The frustrations faced by graduates seeking careers in writing will not be allayed any time soon.
Another lockdown has been sprung upon the unsuspecting British public and so much uncertainty remains as we approach Christmas. Businesses are closing, staff are being furloughed and many organisations are unsure of whether they will survive to ring in 2021. Rishi Sunak has changed his rhetoric from jobs retention to jobs support, singling out jobs that are ‘viable’ and therefore, worth protecting. Positions in writing are not likely to meet the criteria set by the Chancellor.
Young people are often the first to go when it comes to redundancies; 156,000 more 16-24 year olds are finding themselves unemployed compared to June. Trawling through job listings, I see fewer and fewer vacancies for writing roles and any hope for a slow job market recovery is fading as the number of opportunities contract. A report by the ONS found that despite a record increase in job vacancies between July and September 2020, the number of available positions is 41% lower than last year. This figure could grow with the second lockdown.

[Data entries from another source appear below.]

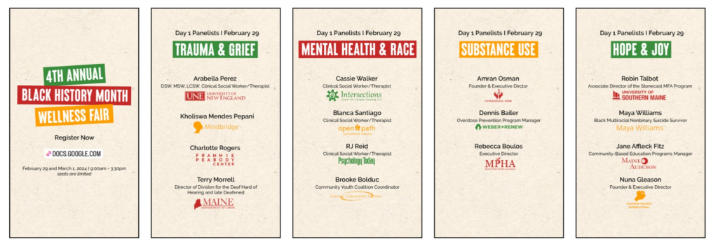 The “Black History Month Community Wellness Fair” consists of two 9 a.m.-3:15 p.m. events slated for Feb. 29 at Gateway Community Services in Portland, and March 1 at the Royal Oak Room in Lewiston.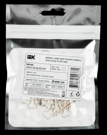 Дюбель-хомут 5х8мм плоск. каб. нейл. белый (25шт/упак) IEK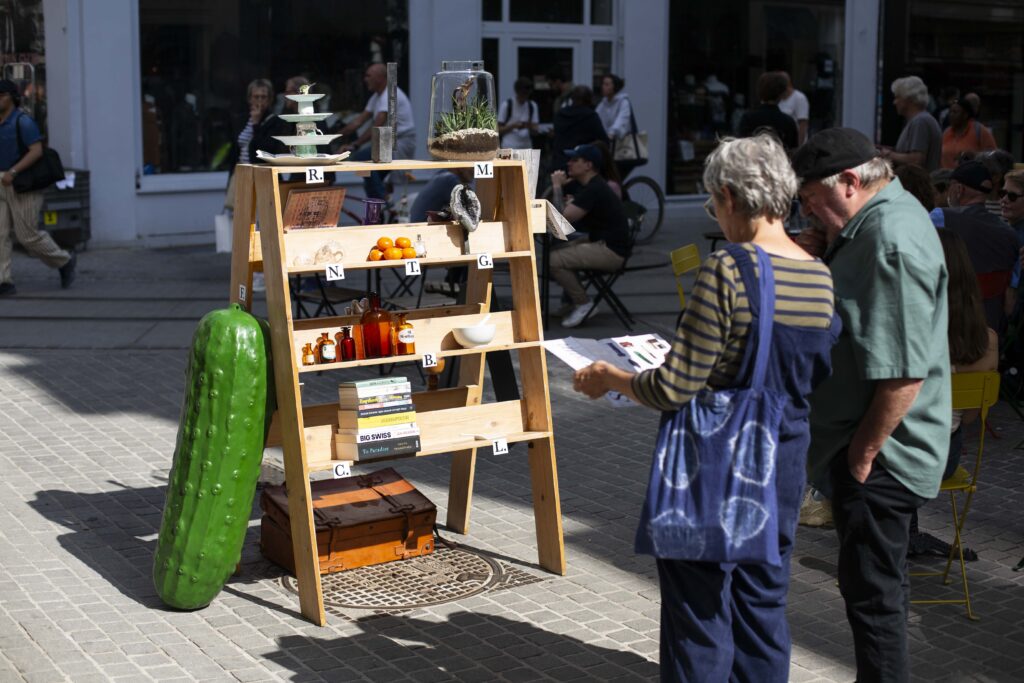 Deze installatie toont een selectie objecten uit winkels in de Lange Koepoortstraat, Wolstraat en Oude Beurs. Elk object is aangedragen door een winkelier als representatief of betekenisvol voor hun zaak. Samen vormen ze een compacte afspiegeling van de buurt. De kast staat op het kruispunt waar deze straten elkaar ontmoeten – het hart van de wijk.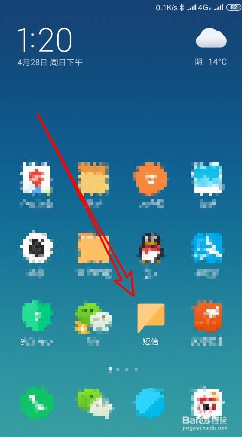 首先在手机屏幕上摆布滑动点击桌面上的短信图标。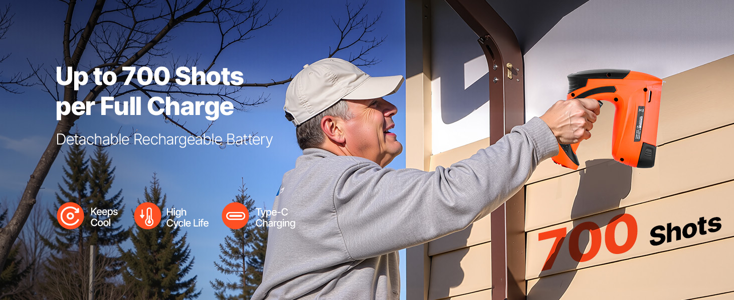 Táto akumulátorová klincovačka je vybavená vysokokapacitnou batériou, ktorá dokáže na plné nabitie vystreliť až 700 klincov. Akumulátor zaručuje dlhú životnosť a počas používania zostáva chladný, čo vám umožní pracovať dlhší čas bez prerušenia.
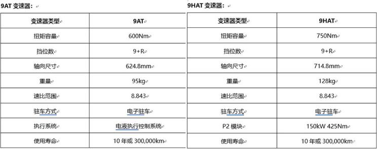 变速箱方面,这款自主研发的9速自动变速箱最大可以承受600牛・米的扭矩,整体重量仅有95公斤;而它还可以兼容P2混动系统,其原理是在9速变速箱上增加了P2混动电机和用于变速器与发动机动力耦合的C0离合器结构,可以实现整车自由的切换纯电或混合驱动模式。这套代号为9HAT的变速箱可以承受750牛・米的扭矩,重量也仅有128公斤。
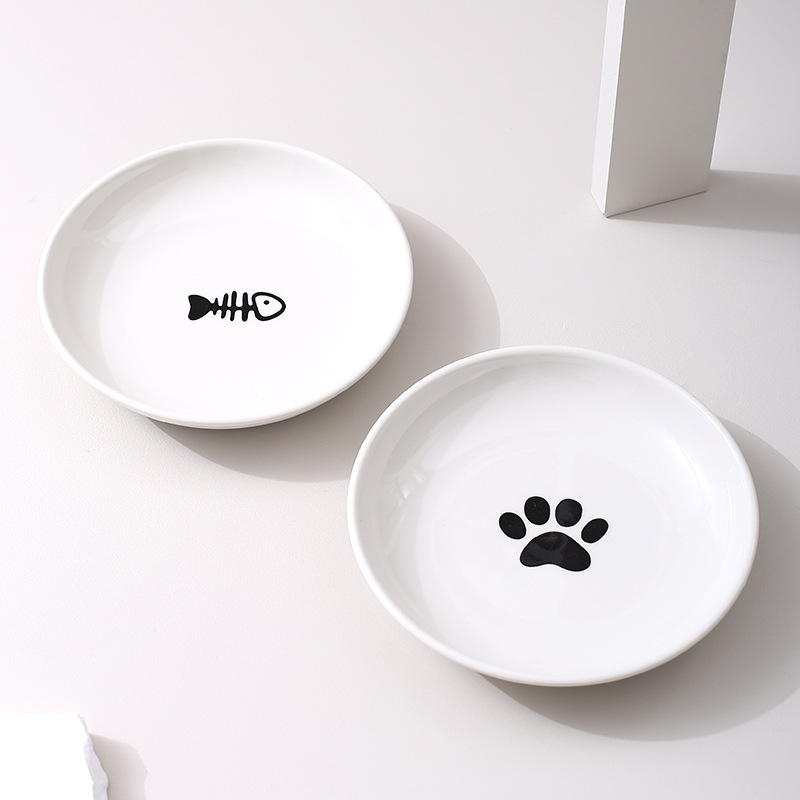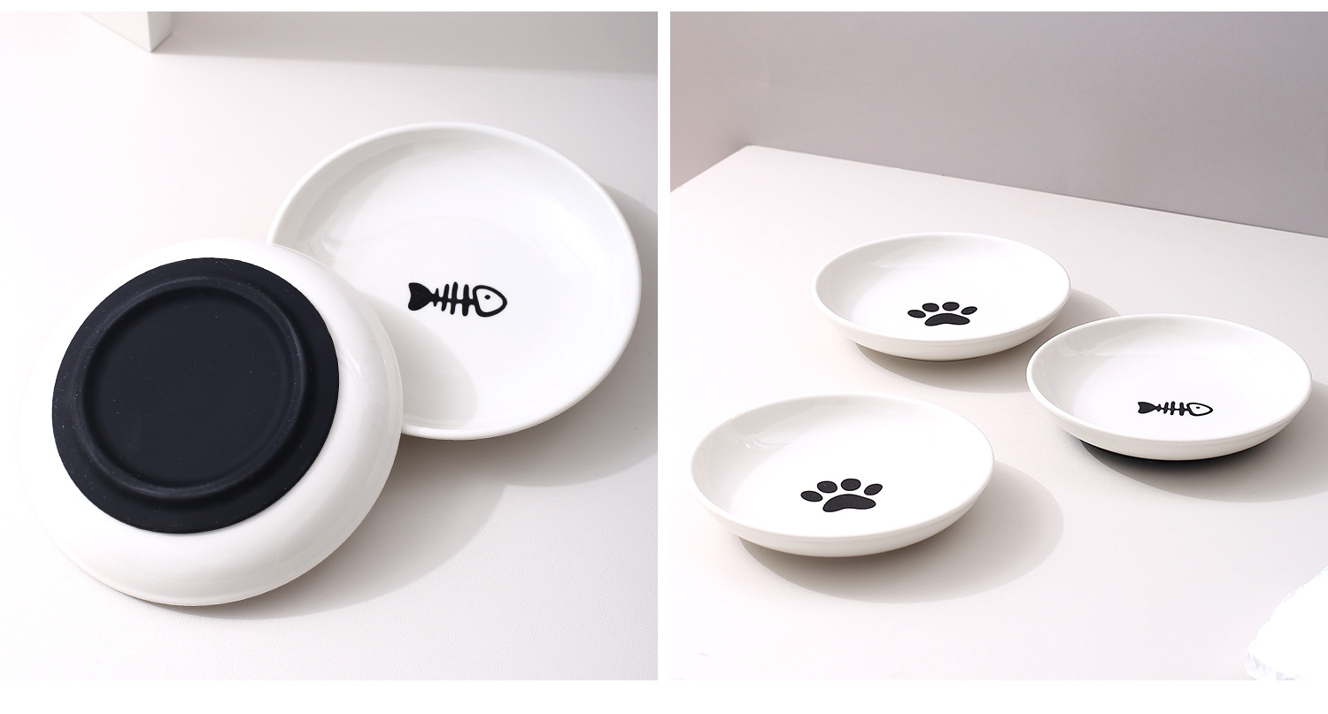 Простой стиль, кошачьи когти, узор в виде рыбьей кости, тарелка для домашних животных с силиконовой подушечкой, керамическая миска, миска для кошачьего риса, миска для кошки, миска для собаки, противоударная

The Office for Budget Responsibility also published an analysis listing potential scenarios for unemployment rates; In the best case scenario, the unemployment rate reaches a high of 9.7% (currently at 4.5%) by year-end before recovering to pre-crisis levels in 2022 while in the worst-case scenario, it rises to 13.2% and remains at 6.3% by 2024. We can only hope that calls for the government to provide greater support for young people and the creative industry are heard.
However, assuming all goes well, the economy will pick up and there will be growth (even with a bumpy road ahead) that will return the UK to a similar position as before the pandemic and finding roles in writing has never been the easiest of tasks.
One further silver lining is also the potential for personal growth and discovery. Time was a luxury many people could not afford pre-COVID but now these lost opportunities can be reclaimed.
It has never been easier to undertake virtual courses in professional development as e-learning platforms take advantage of people being stuck at home. I finally had the chance to allocate time to expanding my repertoire of skills; I have completed five online certifications in PR, Google Analytics, Inbound Marketing, Content Strategy and Digital Marketing. The Writers Initiative also holds plenty of workshops that give great insights to support you to grow as a writer and to network with people who have the same interests.
Most importantly, I dedicate more time to self-care; I’ve started to improve my mindfulness, learn about new ideas from key thinkers that could help re-build a better society and experiment with hobbies I hadn’t previously had time to try. The pandemic has highlighted the importance of good mental health and positive human connections. This second lockdown will be no different and graduates should try to remember these two pillars as they prepare to weather yet another setback in their career paths.